My last mention of north Norfolk for a while, I promise.
Something struck me the other day, as I was sitting there considering the frostbite in several of my toes. The area is full of second homes owned by Londoners, and by all accounts Wells and Burnham Market turn into Hampstead-by-the-Sea in summer, so it’s perhaps surprising that there aren’t more novels set in the locality. The Suffolk coast around Aldeburgh, beloved of the capital’s literati, seems to have featured in umpteen novels in recent years, but I can’t really think of any Norfolk equivalents. And looking back, the only examples I could come up with were The Go-Between (great, but set somewhere a bit further inland, I think), and The Eagle Has Landed, which let’s face it, is a good thriller but not literature as such (I know that sounds highly pretentious, but you know what I mean).

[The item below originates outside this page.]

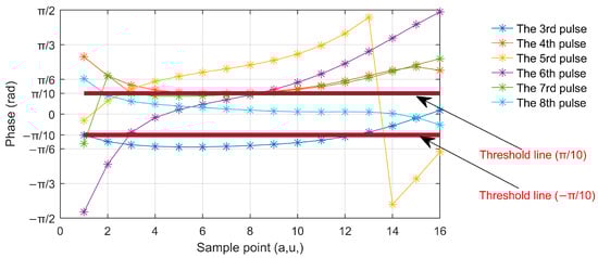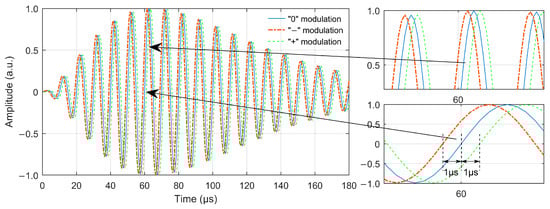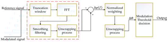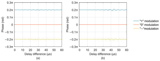 Following this, the algorithm uses multi-threshold processing, set at ±18°, to ascertain the polarity of the phase difference. Phase differences within the −18°~18° range are deemed “0” modulation; those surpassing 18° are labeled as “+” modulation; and those falling below −18° are recognized as “−” modulation. Ultimately, based on the statistical outcomes from N sampling points, the modulation state is determined by a majority decision, with error correction applied according to the principle of balanced modulation when an equal number of modulation states occur [,].

I’d be amazed if such a distinctive and evocative part of Britain hadn’t inspired at least a few good books, in the same sort of way as the Welsh border did Bruce Chatwin’s On The Black Hill, so if you know of any, let me know.
Finally, it’s Burns Night. I have only the faintest trace of Scottish ancestry, so I won’t be down at the Rangers Club in Thringstone tonight, but celebrating a national poet in such style is only to be encouraged. I don’t know that many of his poems, but this is a nice one, recommended by my colleague Mike.
Plus, anyone who can be moved to write a paean of praise to what amounts to an oversized sausage is OK by me.